The unlikely ground zero for the nouveau-wheat movement is Skowhegan, Maine, in a region that was, long ago, one of the breadbaskets of America. It was here in 2007 that the annual Kneading Conference was born, a celebration of bread bringing together small farmers, artisanal bakers and practitioners of the obscure art of building outdoor wood-fired brick ovens. The missing link in re-establishing the area’s self-sufficiency in bread was a mill, so two of the conference organizers, Amber Lambke and Michael Scholz, constructed one in a vacant building that had been the city’s jail. This year, the Kneading Conference spun off a West Coast satellite event, held in September at the Washington State University (WSU) research center in Mount Vernon and organized by its director, a WSU plant geneticist and plant breeder named Stephen Jones. “Farmers here need wheat in their rotation, but they lose money growing it,” Jones told an appreciative crowd at the conference. “They just want to lose a little less money.”
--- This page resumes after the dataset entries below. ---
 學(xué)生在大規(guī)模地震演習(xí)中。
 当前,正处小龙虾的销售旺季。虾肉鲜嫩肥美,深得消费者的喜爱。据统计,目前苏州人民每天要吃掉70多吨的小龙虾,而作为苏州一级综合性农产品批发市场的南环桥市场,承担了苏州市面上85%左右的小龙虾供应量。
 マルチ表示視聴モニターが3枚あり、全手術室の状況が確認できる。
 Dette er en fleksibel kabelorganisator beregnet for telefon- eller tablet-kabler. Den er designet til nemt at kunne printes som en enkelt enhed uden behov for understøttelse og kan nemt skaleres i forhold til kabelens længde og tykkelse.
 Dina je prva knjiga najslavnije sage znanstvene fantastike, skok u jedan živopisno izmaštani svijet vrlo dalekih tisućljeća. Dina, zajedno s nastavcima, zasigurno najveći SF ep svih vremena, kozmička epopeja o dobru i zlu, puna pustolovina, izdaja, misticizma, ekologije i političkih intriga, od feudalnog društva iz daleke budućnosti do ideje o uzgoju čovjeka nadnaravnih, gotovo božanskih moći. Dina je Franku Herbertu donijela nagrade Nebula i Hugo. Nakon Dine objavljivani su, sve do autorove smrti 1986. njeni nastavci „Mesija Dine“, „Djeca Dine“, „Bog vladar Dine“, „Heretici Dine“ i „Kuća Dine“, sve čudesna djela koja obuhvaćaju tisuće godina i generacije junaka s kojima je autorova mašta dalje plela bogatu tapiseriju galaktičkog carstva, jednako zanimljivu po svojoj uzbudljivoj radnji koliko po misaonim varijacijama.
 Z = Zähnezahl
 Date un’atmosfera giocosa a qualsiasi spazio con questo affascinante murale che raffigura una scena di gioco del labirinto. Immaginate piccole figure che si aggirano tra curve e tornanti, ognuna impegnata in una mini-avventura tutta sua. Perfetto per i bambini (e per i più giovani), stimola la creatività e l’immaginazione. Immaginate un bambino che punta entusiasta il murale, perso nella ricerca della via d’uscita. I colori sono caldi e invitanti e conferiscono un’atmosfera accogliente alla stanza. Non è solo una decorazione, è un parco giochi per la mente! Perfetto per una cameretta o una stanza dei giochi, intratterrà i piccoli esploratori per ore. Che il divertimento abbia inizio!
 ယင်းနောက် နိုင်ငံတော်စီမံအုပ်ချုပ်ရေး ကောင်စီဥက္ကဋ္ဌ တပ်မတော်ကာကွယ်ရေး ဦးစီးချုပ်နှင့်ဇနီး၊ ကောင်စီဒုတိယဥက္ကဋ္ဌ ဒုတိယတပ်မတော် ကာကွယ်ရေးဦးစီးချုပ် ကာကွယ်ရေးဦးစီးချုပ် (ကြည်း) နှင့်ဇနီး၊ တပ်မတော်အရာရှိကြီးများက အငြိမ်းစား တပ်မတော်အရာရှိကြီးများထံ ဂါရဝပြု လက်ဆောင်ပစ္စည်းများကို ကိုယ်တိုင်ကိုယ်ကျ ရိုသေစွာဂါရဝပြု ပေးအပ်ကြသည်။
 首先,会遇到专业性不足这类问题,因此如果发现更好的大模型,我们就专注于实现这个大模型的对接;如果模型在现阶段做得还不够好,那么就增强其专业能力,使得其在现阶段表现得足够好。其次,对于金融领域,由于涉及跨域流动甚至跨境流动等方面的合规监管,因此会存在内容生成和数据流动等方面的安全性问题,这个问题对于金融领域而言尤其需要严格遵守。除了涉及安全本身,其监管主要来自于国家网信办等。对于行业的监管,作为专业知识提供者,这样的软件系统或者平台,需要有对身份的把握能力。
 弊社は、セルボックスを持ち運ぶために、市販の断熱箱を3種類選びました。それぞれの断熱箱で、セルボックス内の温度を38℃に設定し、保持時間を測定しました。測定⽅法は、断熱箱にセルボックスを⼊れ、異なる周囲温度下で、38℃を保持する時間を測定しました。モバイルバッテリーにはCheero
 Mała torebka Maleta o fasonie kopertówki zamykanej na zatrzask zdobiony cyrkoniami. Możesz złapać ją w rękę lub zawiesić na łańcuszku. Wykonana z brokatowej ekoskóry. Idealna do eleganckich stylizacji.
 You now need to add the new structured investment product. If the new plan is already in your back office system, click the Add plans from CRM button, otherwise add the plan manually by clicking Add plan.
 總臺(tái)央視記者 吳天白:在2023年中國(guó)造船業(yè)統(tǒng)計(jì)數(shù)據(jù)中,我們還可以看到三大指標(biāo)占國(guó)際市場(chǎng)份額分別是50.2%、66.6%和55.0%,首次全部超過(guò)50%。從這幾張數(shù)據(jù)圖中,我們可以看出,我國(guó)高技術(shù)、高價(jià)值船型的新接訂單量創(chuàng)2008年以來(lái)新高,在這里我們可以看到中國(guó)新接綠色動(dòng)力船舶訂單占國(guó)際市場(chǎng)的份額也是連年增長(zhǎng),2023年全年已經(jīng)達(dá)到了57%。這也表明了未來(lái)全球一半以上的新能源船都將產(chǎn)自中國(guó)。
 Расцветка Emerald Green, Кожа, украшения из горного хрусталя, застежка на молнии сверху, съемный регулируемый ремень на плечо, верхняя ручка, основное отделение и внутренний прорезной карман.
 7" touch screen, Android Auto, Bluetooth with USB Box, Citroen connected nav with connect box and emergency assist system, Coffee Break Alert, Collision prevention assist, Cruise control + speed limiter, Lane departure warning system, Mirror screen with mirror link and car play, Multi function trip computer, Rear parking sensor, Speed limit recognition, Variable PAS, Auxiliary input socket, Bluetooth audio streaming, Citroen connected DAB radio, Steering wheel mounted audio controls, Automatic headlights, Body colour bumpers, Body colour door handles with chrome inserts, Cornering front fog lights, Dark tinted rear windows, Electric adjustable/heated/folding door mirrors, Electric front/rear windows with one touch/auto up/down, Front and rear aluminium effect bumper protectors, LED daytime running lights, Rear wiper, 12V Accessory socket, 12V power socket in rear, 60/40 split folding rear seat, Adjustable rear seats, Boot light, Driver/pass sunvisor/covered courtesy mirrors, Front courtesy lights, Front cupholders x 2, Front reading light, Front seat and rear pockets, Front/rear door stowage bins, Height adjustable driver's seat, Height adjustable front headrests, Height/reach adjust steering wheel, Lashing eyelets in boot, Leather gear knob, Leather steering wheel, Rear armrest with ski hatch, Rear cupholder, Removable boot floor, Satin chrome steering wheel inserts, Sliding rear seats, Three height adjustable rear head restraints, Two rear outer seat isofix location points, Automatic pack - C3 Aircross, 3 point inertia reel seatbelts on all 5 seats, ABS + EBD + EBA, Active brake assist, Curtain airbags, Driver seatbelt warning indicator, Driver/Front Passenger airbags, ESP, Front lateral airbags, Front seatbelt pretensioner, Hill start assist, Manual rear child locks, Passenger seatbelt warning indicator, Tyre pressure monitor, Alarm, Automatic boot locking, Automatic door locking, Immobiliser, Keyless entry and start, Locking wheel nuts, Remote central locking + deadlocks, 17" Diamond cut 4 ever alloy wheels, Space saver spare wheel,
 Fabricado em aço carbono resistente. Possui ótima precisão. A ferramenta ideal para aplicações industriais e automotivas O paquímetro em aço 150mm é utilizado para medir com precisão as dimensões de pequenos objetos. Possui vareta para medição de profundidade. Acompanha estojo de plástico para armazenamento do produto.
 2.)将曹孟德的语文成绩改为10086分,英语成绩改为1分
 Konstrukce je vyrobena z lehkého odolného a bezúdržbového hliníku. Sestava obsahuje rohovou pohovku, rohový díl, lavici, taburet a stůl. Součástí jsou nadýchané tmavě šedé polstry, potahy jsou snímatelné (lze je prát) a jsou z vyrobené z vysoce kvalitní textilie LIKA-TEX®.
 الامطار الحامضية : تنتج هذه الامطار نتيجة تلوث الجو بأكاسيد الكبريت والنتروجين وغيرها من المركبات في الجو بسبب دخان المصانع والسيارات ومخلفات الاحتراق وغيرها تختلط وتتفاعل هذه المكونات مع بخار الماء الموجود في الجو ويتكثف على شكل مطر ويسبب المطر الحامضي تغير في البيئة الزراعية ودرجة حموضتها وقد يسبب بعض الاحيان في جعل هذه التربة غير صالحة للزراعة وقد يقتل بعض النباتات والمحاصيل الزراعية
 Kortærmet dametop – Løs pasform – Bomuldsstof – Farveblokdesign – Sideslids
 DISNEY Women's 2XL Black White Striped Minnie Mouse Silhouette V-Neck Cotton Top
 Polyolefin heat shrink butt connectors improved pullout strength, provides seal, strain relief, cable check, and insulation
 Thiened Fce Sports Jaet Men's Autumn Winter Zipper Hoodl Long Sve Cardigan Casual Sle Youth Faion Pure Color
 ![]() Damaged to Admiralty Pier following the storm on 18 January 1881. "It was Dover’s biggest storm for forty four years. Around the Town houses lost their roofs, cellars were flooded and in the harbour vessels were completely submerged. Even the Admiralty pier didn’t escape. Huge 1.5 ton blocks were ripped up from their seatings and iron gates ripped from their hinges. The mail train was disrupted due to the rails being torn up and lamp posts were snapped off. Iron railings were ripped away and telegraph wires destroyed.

Tom Hunton, a farmer in the Willamette Valley of western Oregon, where a leading crop is grass seed, said he became restless growing “things you can’t eat.” He was encouraged in this change of heart by the housing collapse, in which the market for lawn seed was collateral damage. He planted a field with hard red wheat, the kind used for bread flour. The infrastructure of the valley was geared to transporting soft white wheat—used for pastry and noodles—to ports for shipping to Asia. Hunton at first had his wheat custom-milled, but then he too built his own mill, the Camas Country Mill, in Eugene. When it opened, this past spring, it was the first in the region in 80 years.